The National Internal Revenue Code of 1997 currently exempts from tax a net estate of up to P200,000, and levies 5%, 8%, 11%, 15% and 20% depending on which bracket the property belongs.

Collection of appropriate estate taxes has been elusive for the Bureau of Internal Revenue, with the past administration estimating that annual take could actually go up to P10-50 billion from less than P1 billion currently.

Besides contributing to an overall increase in much-needed revenues, the amnesty is designed to free up properties — encumbered by such liability — for productive use.

The bill grants the following immunities and privileges to taxpayers who avail of the planned amnesty: immunity from civil, criminal or administrative penalties; estate tax amnesty returns for 2016 and prior years will not be admissible as evidence in judicial, quasi-judicial, or administrative proceedings; and the books of accounts and other records of the taxpayers for the years covered by the amnesty will not be examined.

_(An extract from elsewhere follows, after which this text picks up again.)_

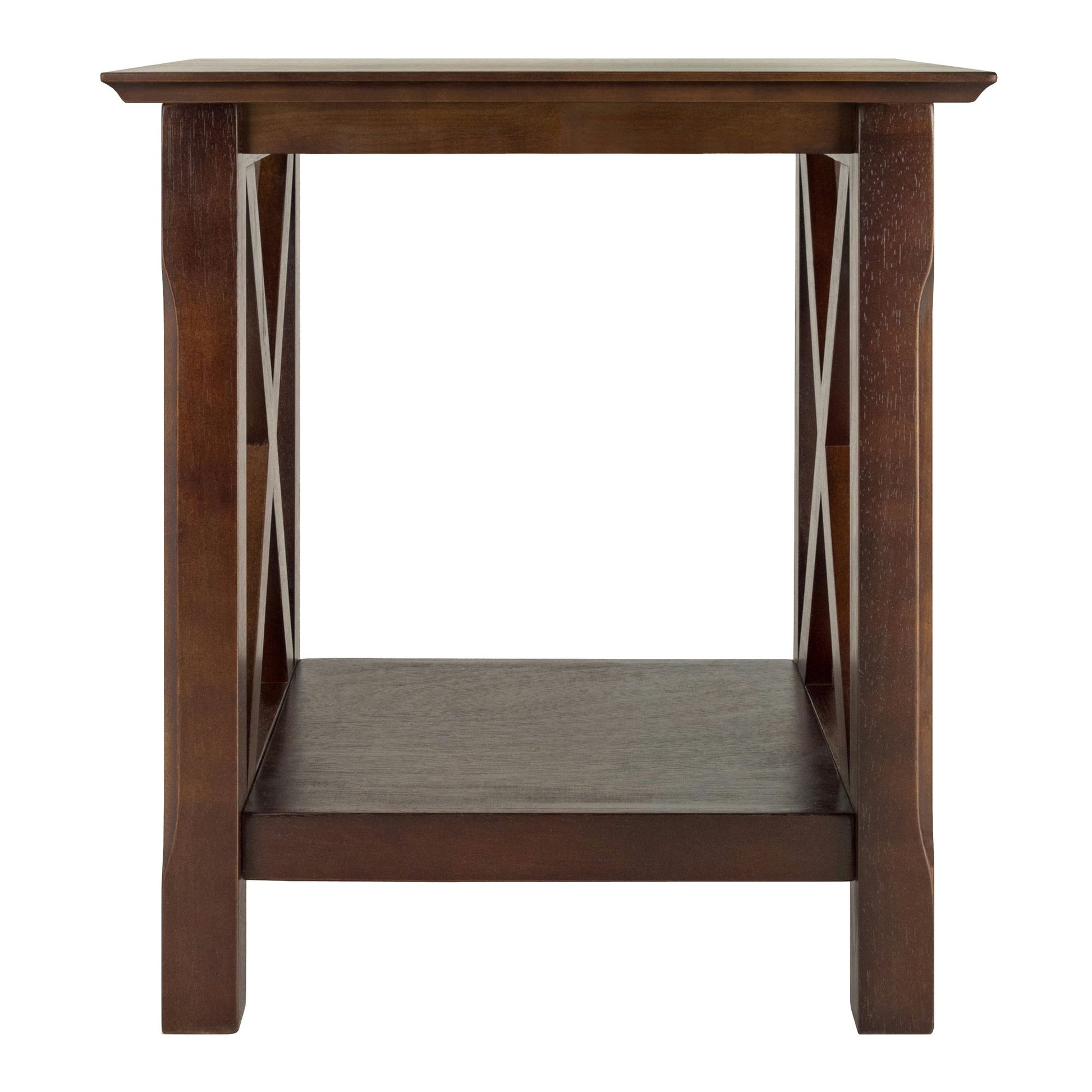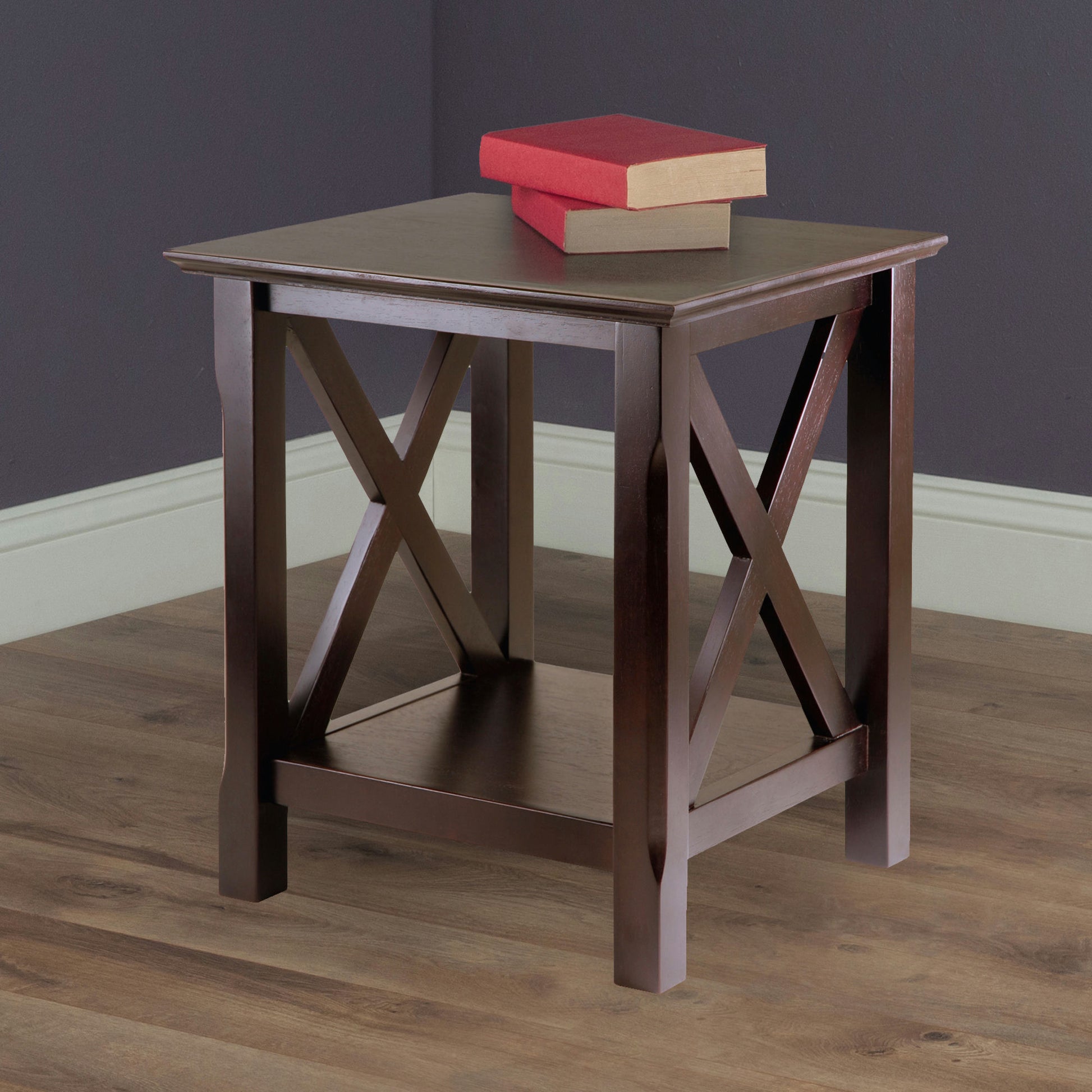 "X" style side panels, chamfered legs, and a smooth beveled tabletop put the Xola Accent Table at the top of the list for stylish and simple home decor. Made of solid and composite wood in a rich Capuccino finish, this end table with a lower shelf provides a great spot for books, magazine, or collectibles.
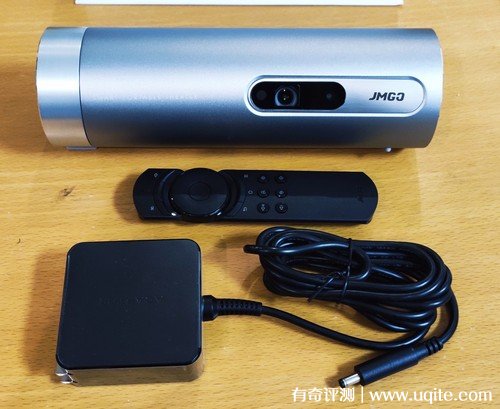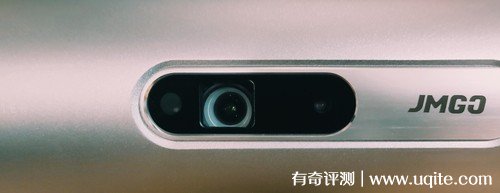 這款投影儀的設(shè)計是圓柱形的,體積不大,而且重量也很輕巧,如果出門攜帶也會很方便。投影儀的側(cè)邊是喇叭和開機(jī)按鍵,前方是投影攝像頭。

Mr. Defensor said the Bureau of Internal Revenue itself backs the plan since estate tax take has been “insignificant compared to the overall tax collection.”

He added there are many properties tied up to billions of pesos worth of unsettled estate tax that have become “idle capital.”

“If these properties are sent back to commercial circulation and are made subject to transaction such as sale, lease, or joint venture, in the long run, they can generate more taxes,” said Mr. Defensor.

Mr. Quimbo said that, under the measure, “properties that are caught in a bind, not being utilized and are not being part of the economy, because estate taxes have remained unpaid, are brought back to commercial circulation.”

“The primary cause of the inability to settle estate tax is due to high estate tax rates and, secondly, the inability to cope with the penalties that have accrued. In 95% of the cases, the penalties are even higher than the value of the properties,” noted Mr. Quimbo.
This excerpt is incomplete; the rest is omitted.